Summer Passes

by Rowland E. Robinson
WHEN we were in the midst of the desolation of winter with the muffled whiteness spread far around us, the nakedness of trees on every side, far and near only gray and white, and above us the cold steel-blue of the sky, no songs of birds, no lap of waves on shores, no tinkle of running brooks, no cheerfuller sound anywhere than the mournful baying of hounds awakening the echoes among the silent hills, summer with all its gladness and brightness seemed as far away and unattainable as the red and golden glory that mocked us in the sunset cloud.

Yet, like the swift, unaccountable shiftings of a dream, we have seen the transformation from white and gray through almost imperceptible changes to drearier dun, to the green flush of sunny slopes, to purpling of woods with swelling buds, then sprinkling of tender green, then to full leafage with tints as varied as autumn's hues, and the broad fields, green with lush herbage, dappled with bloom.

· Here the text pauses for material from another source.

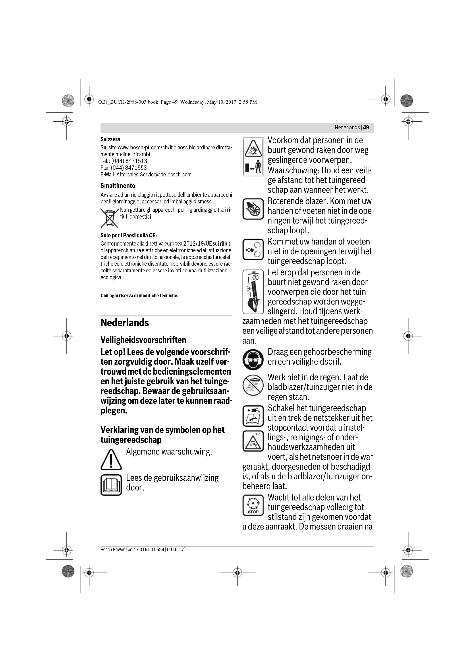 Bocchetta/tubo di aspirazione bloccato Riaprire la bocchetta/tubo di aspirazione Non è possibile montare la bocchetta/tubo di aspira- zione Montaggio sbagliato vedi «Montaggio» L’intensità di aspirazione diminuisce Sacco di raccolta pieno Svuotare il sacco di raccolta Raccordo di collegamento del sacco di raccolta bloccato Riaprire il raccordo di collegamento del sacco di raccolta La ventola non ruota Ventola bloccata Spegnere l’apparecchio per il giardinaggio e ri- muovere il blocco (indossare guanti di protezio- ne) OBJ_BUCH-2968-003.book Page 48 Wednesday, May 10, 2017 2:58 PMNederlands | 49 Bosch Power Tools F 016 L81 594 | (10.5.17) Svizzera Sul sito www.bosch-pt.com/ch/it è possible ordinare diretta- mente on-line i ricambi. Tel.: (044) 8471513 Fax: (044) 8471553 E-Mail: Aftersales.Service@de.bosch.com Smaltimento Avviare ad un riciclaggio rispettoso dell’ambiente apparecchi per il giardinaggio, accessori ed imballaggi dismessi. Non gettare gli apparecchi per il giardinaggio tra i ri- fiuti domestici! Solo per i Paesi della CE: Conformemente alla direttiva europea 2012/19/UE sui rifiuti di apparecchiature elettriche ed elettroniche ed all’attuazione del recepimento nel diritto nazionale, le apparecchiature elet- triche ed elettroniche diventate inservibili devono essere rac- colte separatamente ed essere inviati ad una riutilizzazione ecologica. Con ogni riserva di modifiche tecniche. Nederlands Veiligheidsvoorschriften Let op! Lees de volgende voorschrif- ten zorgvuldig door. Maak uzelf ver- trouwd met de bedieningselementen en het juiste gebruik van het tuinge- reedschap. Bewaar de gebruiksaan- wijzing om deze later te kunnen raad- plegen. Verklaring van de symbolen op het tuingereedschap Algemene waarschuwing. Lees de gebruiksaanwijzing door. Voorkom dat personen in de buurt gewond raken door weg- geslingerde voorwerpen. Waarschuwing: Houd een veili- ge afstand tot het tuingereed- schap aan wanneer het werkt. Roterende blazer. Kom met uw handen of voeten niet in de ope- ningen terwijl het tuingereed- schap loopt. Kom met uw handen of voeten niet in de openingen terwijl het tuingereedschap loopt. Let erop dat personen in de buurt niet gewond raken door voorwerpen die door het tuin- gereedschap worden wegge- slingerd. Houd tijdens werk- zaamheden met het tuingereedschap een veilige afstand tot andere personen aan. Draag een gehoorbescherming en een veiligheidsbril. Werk niet in de regen. Laat de bladblazer/tuinzuiger niet in de regen staan. Schakel het tuingereedschap uit en trek de netstekker uit het stopcontact voordat u instel- lings-, reinigings- of onder- houdswerkzaamheden uit- voert, als het netsnoer in de war geraakt, doorgesneden of beschadigd is, of als u de bladblazer/tuinzuiger on- beheerd laat. Wacht tot alle delen van het tuingereedschap volledig tot stilstand zijn gekomen voordat u deze aanraakt. De messen draaien na OBJ_BUCH-2968-003.book Page 49 Wednesday, May 10, 2017 2:58 PM50 | Nederlands F 016 L81 594 | (10.5.17) Bosch Power Tools het uitschakelen van het tuingereed- schap nog. Letsel kan het gevolg zijn. Bediening Laat kinderen of personen die deze voorschriften niet hebben gelezen dit tuingereedschap nooit gebruiken. In uw land gelden eventueel voorschrif- ten ten aanzien van de leeftijd van de bediener. Bewaar het tuingereed- schap buiten het bereik van kinderen wanneer het niet wordt gebruikt. Dit tuingereedschap is er niet voor bestemd om te worden gebruikt door personen (inclusief kinderen) met beperkte fysieke, zintuiglijke of gees- telijke vermogens of gebrekkige erva- ring en/of gebrekkige kennis, tenzij zij onder toezicht staan van een voor hun veiligheid verantwoordelijke per- soon, of zij van deze persoon instruc- ties ontvangen ten aanzien van het gebruik van het tuingereedschap. Kinderen moeten onder toezicht staan, om zeker te stellen dat zij niet met het tuingereedschap spelen. Gebruik het tuingereedschap nooit dicht in de buurt van personen, in het bijzonder kinderen, of huisdieren. De bediener of gebruiker is verant- woordelijk voor ongevallen, persoon- lijk letsel of schade aan het eigendom van anderen. Tijdens het gebruik mogen zich bin- nen een straal van 3 meter geen an- dere personen of dieren ophouden. De bediener is in de werkomgeving verantwoordelijk ten opzichte van an- deren. Gebruik het tuingereedschap alleen bij daglicht of goed kunstlicht. Gebruik het tuingereedschap niet wanneer u moe of ziek bent of onder invloed staat van alcohol, drugs of medicijnen. Bij slechte weersomstandigheden, in het bijzonder bij opkomend onweer niet met het tuingereedschap wer- ken. Draag tijdens het gebruik van dit tuin- gereedschap altijd stevige kleding aan bovenlichaam en armen. Gebruik het tuingereedschap niet met blote voeten of met open sanda- len. Draag altijd stevige schoenen en een lange broek. Let erop dat er geen losse kleding in de luchttoevoer naar binnen wordt getrokken. Anders kan letsel het ge- volg zijn. Gebruik het tuingereedschap alleen met aangebracht mondstuk resp. met aangebrachte zuigbuis. Let erop dat er geen lang haar in de luchttoevoer naar binnen wordt ge- trokken. Anders kan letsel het gevolg zijn. Controleer het te bewerken opper- vlak zorgvuldig en verwijder alle me- taaldraad en overige voorwerpen. Controleer de aansluitkabel en de verlengkabel voor elk gebruik op be- schadigingen en vervang deze indien nodig. Bescherm de aansluitkabel en de verlengkabel tegen hitte, olie en scherpe randen. Geleid de kabel altijd langs de achter- zijde van het tuingereedschap. OBJ_BUCH-2968-003.book Page 50 Wednesday, May 10, 2017 2:58 PMNederlands | 51 Bosch Power Tools F 016 L81 594 | (10.5.17) Gebruik het tuingereedschap alleen in de positie die voor de wijze van ge- bruik is voorzien. Het tuingereed- schap is er niet voor geschikt om om- gekeerd te worden gehouden in de bladzuigmodus. Gebruik de bladblazer/tuinzuiger nooit met defecte veiligheidsvoorzie- ningen of afschermingen of zonder veiligheidsvoorzieningen, zoals

And again we have heard the rush of free brooks and the wash of waves on pebbly shores, and the songs of all the birds, and the droning of the vagrant bumble bee.

The summer that but a while ago seemed so far off has come. Sunbonnets and straw hats bobbing above the herdsgrass and daisies, with bobolinks in arrested flight scolding musically over them, give token of ripe strawberries. Busy robins flock to the cherry trees to claim the first fruit. The incessant chirr of the mowing machine comes from a distant meadow, like the voice of some gigantic locust, and, mingled with it, the old midsummer music of the whetted scythe. The first raspberries ripen in the fence corners, the apple branches stoop to the weight of growing fruit, and the squirrels make midden heaps under the pear trees.

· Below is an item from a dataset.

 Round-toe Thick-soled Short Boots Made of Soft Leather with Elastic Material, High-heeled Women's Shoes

There are days and weeks of drought, when corn leaves droop and curl, and even the sturdy weeds wilt; the crop pastures grow sear and dusty under the hooves of hungry flocks and herds; the babbling rivulets are silent dry gullies, and the noisy rivers are shrunk to attenuated threads that crawl among the boulders of their beds with scarcely enough strength to stir their shallow pools. Distant thunderstorms growl unfulfilled promises of rain. For a little while the red, rayless sun is veiled with clouds; the shifting breeze brings the wholesome fragrance of moist earth, and the parched ground is tantalized with a patter of great raindrops, and then the red sun blazes forth again, fierce and relentless.

But one night we awake to hear the steady patter of rain upon the roof and leaves, the drip of eaves, until the thirsty earth drinks its fill, and the replenished brooks overflow and comb the meadow grass down flat and straight upon their banks.

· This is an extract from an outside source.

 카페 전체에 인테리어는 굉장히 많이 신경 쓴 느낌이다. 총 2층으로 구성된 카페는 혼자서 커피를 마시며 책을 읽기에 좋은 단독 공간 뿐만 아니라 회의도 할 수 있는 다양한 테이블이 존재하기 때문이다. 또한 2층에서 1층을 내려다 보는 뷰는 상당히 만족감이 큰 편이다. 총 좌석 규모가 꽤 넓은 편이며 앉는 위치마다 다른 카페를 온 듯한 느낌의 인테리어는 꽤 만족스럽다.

Along the shaded stream or rock-bound shore of lake the angler invites the capricious bass with various lures, or trolls for pike and pickerel in winding, rush-paled channels where white squadrons of anchored waterlilies are tossed on the boat's wake. The splash of oars frightens a wood duck and her half-grown brood to flight, tearing out of the sedges with a prodigious flutter and a clamor of tremulous squeaks that makes one's heart beat as quick as their vibrant wings, in anticipation of glorious autumnal sport. A startled bittern, with an unmistakable expression of disgust at the intrusion, springs awkwardly from the weeds, and a great heron breaks from statuesque repose and sags away on laboring pinions, until he is a wavering speck against the sky.

Wandering in neighboring woods where dwarf cornel dapples the hemlock shade with its white blossoms and scarlet berries, the summer idler may get a shack of the nerves by the sudden outburst of a pack of grouse from a quiet bramble thicket, the half-grown birds almost as strong of wing as the old, and already shaking thunder from their swift pinions, sounding another promise of autumn's glorious days.

As swiftly as the spring went, the summer passes; the bobolink has donned his sober coat and gone; the plover chuckles his farewell to northern uplands; the swallows congregate in grand council, considering migration; the last flame of summer is kindled in the cardinal's bloom; presently we shall see the first glow of autumn's many-colored fires.

Rowland E. Robinson was a turn-of-the-century Vermonter.